巴がいたら、耳を塞いで机に突っ伏していたことだろう。私もそうしたい。耳は塞がなくても聞こえないけど。せめてもの抵抗に背中を向けた。
目が合った新が、明美ちゃん先生を指さした。
渋々振り返ると、先生のスマホに文字が入力されているところだった。
『今日からしばらく、午後は文化祭の準備に当てられるでしょ? だから、うちのクラスではこの補習プリントをします』
そんな宣言するように胸を張って言わないでほしい。
そうだ、文化祭。私は先生の言葉でハッとした。
教卓に弁当を置かせてもらい、ノートを広げる。
『文化祭の日、出席します』
『あら、そうなの?』
『巴と新に、文化祭の写真と動画を頼まれました』
まぁ嘘ではない。
頼まれているのは事実だ。この前のお見舞いで、巴にも改めて頼まれたことだし。
『そう。1人で?』
明美ちゃん先生は心配そうに私を見た。首を横に振ってノートにペンを走らせる。
『椚君と』
『あぁ、屋上の優しい人だったかしら?』
『その人です』
『分かったわ。じゃあ、当日は一度この教室に登校してくれる?』
私はこくりと頷いた。
自分の席に戻り、スマホの音声入力アプリを立ち上げて机に置く。

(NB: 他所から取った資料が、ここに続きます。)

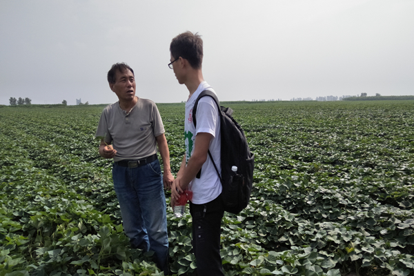 在当地政府的带领下,同学们拜访了红薯种植大户王明宗,来到了他的红薯种植基地,映入眼帘的便是长势极好的大片红薯田,每隔一段红薯田便有一个品种介绍的标牌。经过王民宗的介绍,同学们了解到这些红薯都是专家正在研究的试验品种,还要根据今年红薯的收成和长势情况来筛选出适合当地种植情况的优良品种。王民宗告诉队员们,在他的红薯园中70%-80%的红薯是用于直销市场、20%-30%用于电商销售。同学们还得知,合阳县已经有了自己成熟的红薯网站平台--合阳县北雷红薯业专业合作社,而他在其中更是任理事长一职。王民宗通过他的经验为同学们提供了很多生产销售方面的建议,他提到:“红薯全身都是宝,它的茎叶可作菜,是当地的一种尚未在市面上流通的特色产品,把红薯做好宣传就可以推出去,外界知道咱们的红薯特色才会来购买与食用,这样才会带动经济发展。”除此之外,同学们还了解到当地的红薯品种:秦薯3号,秦薯5号等都是我校著名教授、陕西红薯之父--朱俊光老师研发出来的优良品种!

すぐにスマホは誰かの声を拾って、文字に変換した。
『紅弥と文化祭行くことにしたのか?』
この話し方は新だ。隣を見ると、新は嬉しそうに笑っていた。そんな顔されると、なんだか気恥ずかしい。
私は視線を机に落として、小さく頷いた。
『楽しんで来いよ』
スマホ画面から新に視線を戻すと、満足そうに頷いていた。